Only the text carries over: repeat the records exactly and drop the images.

Dataset
++++

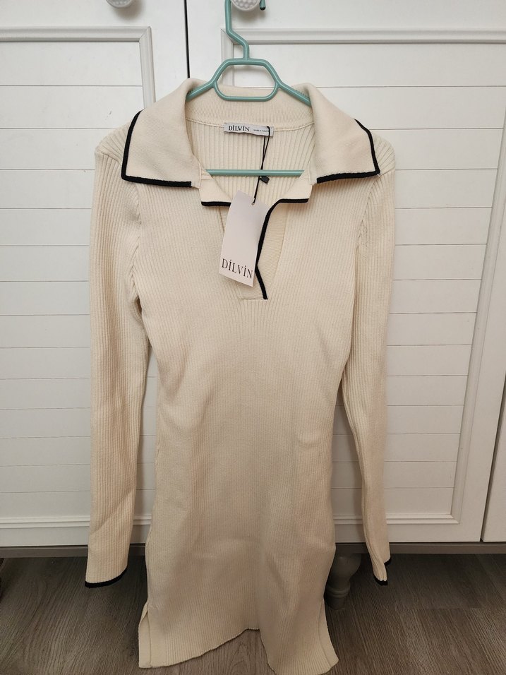 Uzun kollu, yakalı ve siyah detaylı beyaz triko elbise. Günlük kullanıma uygun şık ve rahat bir modeldir.
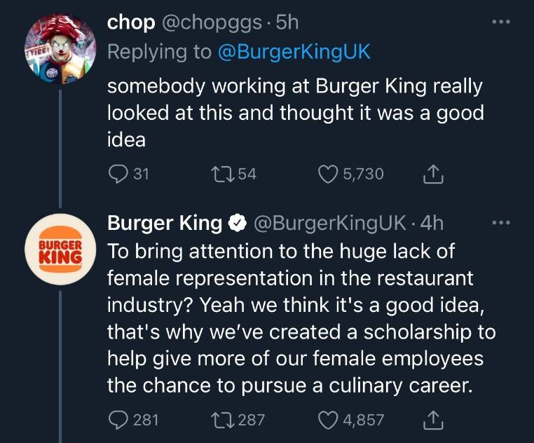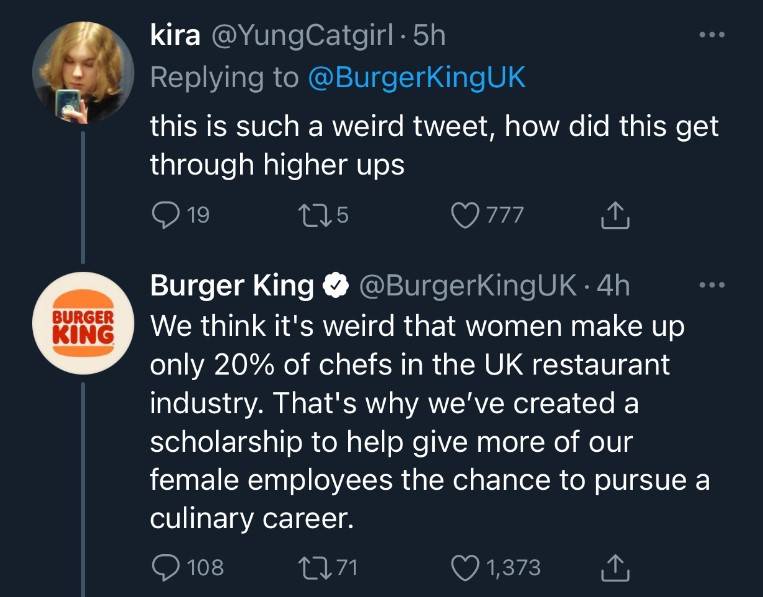 Niat jenama perniagaan makanan segera antarabangsa, Burger King UK mungkin adalah untuk mendapatkan perhatian pengikut akaun Twitter mereka terutamanya di kalangan perempuan.
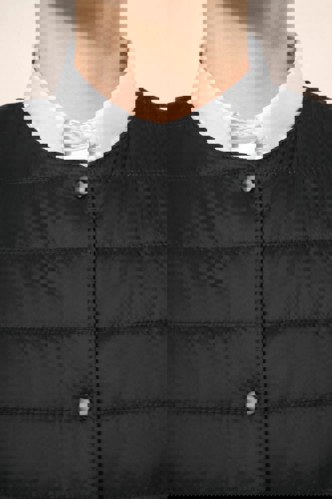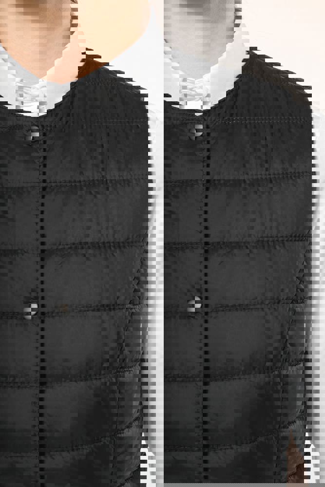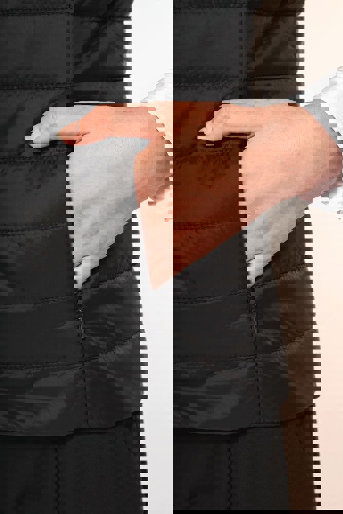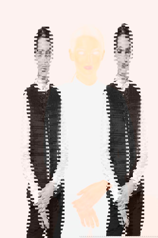 100 % Polyamid. Gerader Schnitt. Thinsulate™-Futter. Ausschnitt mit 2 Seitentaschen und verdecktem Reißverschluss. Farblich abgestimmter Druckknopfverschluss. Reißverschluss zur Veredelung der Innenseite links. Leichte Weste ohne Ärmel, damit sie unter einer Jacke getragen werden kann. Kein Markenetikett, nur Größenangabe, zur einfacheren Veredelung.
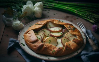 Тісто для галети готувати досить легко з масла, води й борошна. Для начинки використовуйте відварену картоплю і спаржу. Але можна додати й свої улюблені овочі, наприклад, кабачки чи зелений горошок. Також спробуйте тарт зі спаржею і беконом.
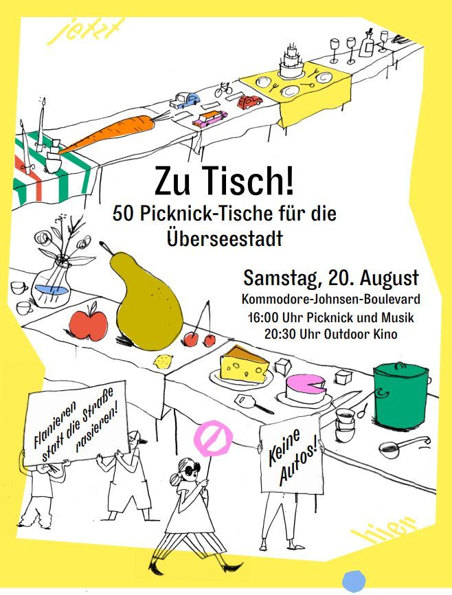 Am 20. August veranstaltet die Überseestadt auf 300 Metern Boulevard ein Picknick mit 50 gedeckten Tischen. Das bedeutet: Kein Verkehr und keine Autos auf dem Kommodore-Johnsen-Blvd. Richtung Waller Sand von 13-24 Uhr. Der Abschnitt ab der Ehrenfelsstraße bis Kommodore-Ziegenbein-Allee wird gesperrt.
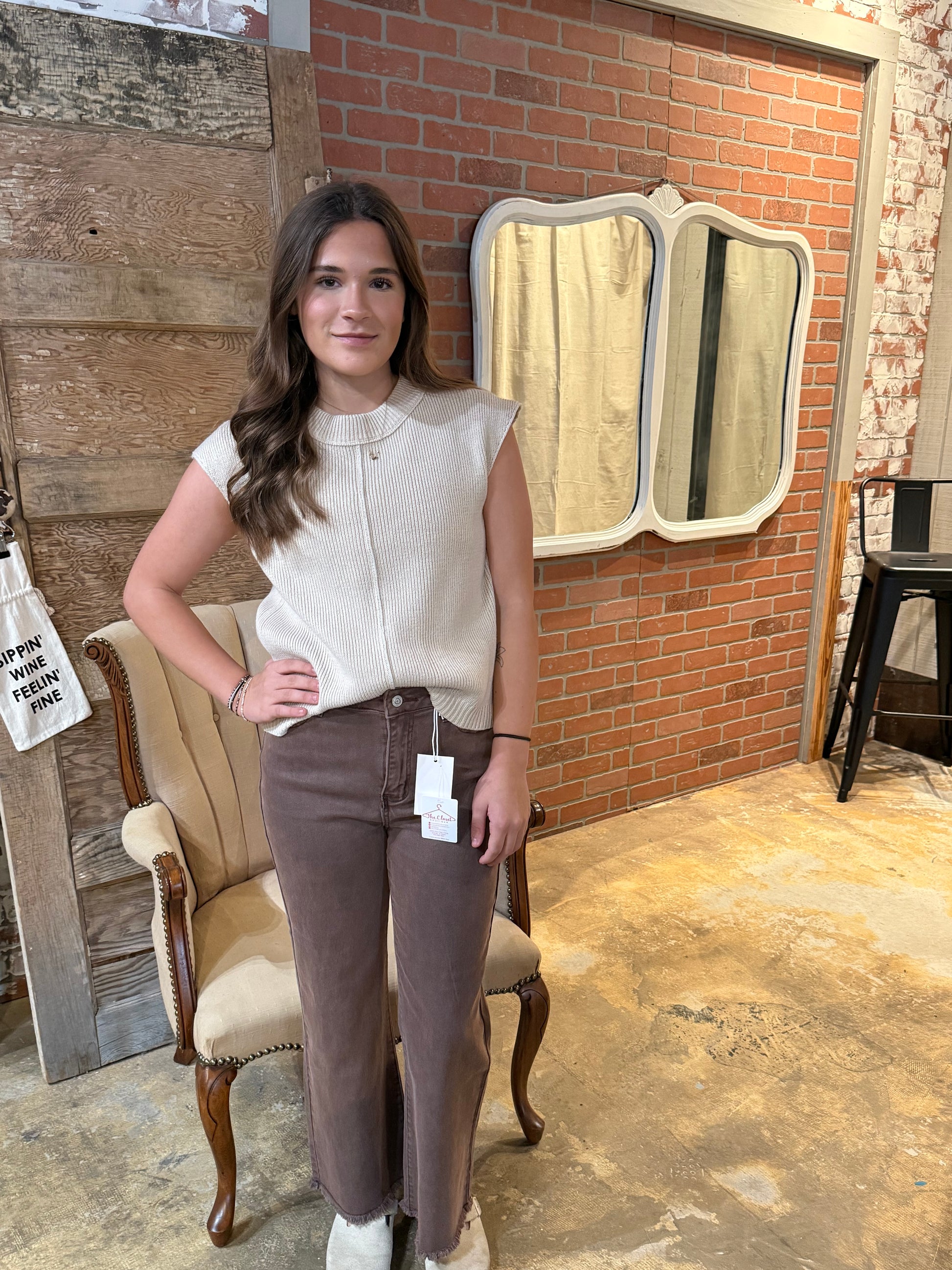 Elevate your wardrobe with Rachel, the ultimate versatile piece. This sleeveless crewneck sweater knit top is crafted from a blend of 60% cotton and 40% acrylic, providing both comfort and style. Dress it up or down for any occasion.

++++

Solution
 Uzun kollu, yakalı ve siyah detaylı beyaz triko elbise. Günlük kullanıma uygun şık ve rahat bir modeldir.
 Niat jenama perniagaan makanan segera antarabangsa, Burger King UK mungkin adalah untuk mendapatkan perhatian pengikut akaun Twitter mereka terutamanya di kalangan perempuan.
 100 % Polyamid. Gerader Schnitt. Thinsulate™-Futter. Ausschnitt mit 2 Seitentaschen und verdecktem Reißverschluss. Farblich abgestimmter Druckknopfverschluss. Reißverschluss zur Veredelung der Innenseite links. Leichte Weste ohne Ärmel, damit sie unter einer Jacke getragen werden kann. Kein Markenetikett, nur Größenangabe, zur einfacheren Veredelung.
 Тісто для галети готувати досить легко з масла, води й борошна. Для начинки використовуйте відварену картоплю і спаржу. Але можна додати й свої улюблені овочі, наприклад, кабачки чи зелений горошок. Також спробуйте тарт зі спаржею і беконом.
 Am 20. August veranstaltet die Überseestadt auf 300 Metern Boulevard ein Picknick mit 50 gedeckten Tischen. Das bedeutet: Kein Verkehr und keine Autos auf dem Kommodore-Johnsen-Blvd. Richtung Waller Sand von 13-24 Uhr. Der Abschnitt ab der Ehrenfelsstraße bis Kommodore-Ziegenbein-Allee wird gesperrt.
 Elevate your wardrobe with Rachel, the ultimate versatile piece. This sleeveless crewneck sweater knit top is crafted from a blend of 60% cotton and 40% acrylic, providing both comfort and style. Dress it up or down for any occasion.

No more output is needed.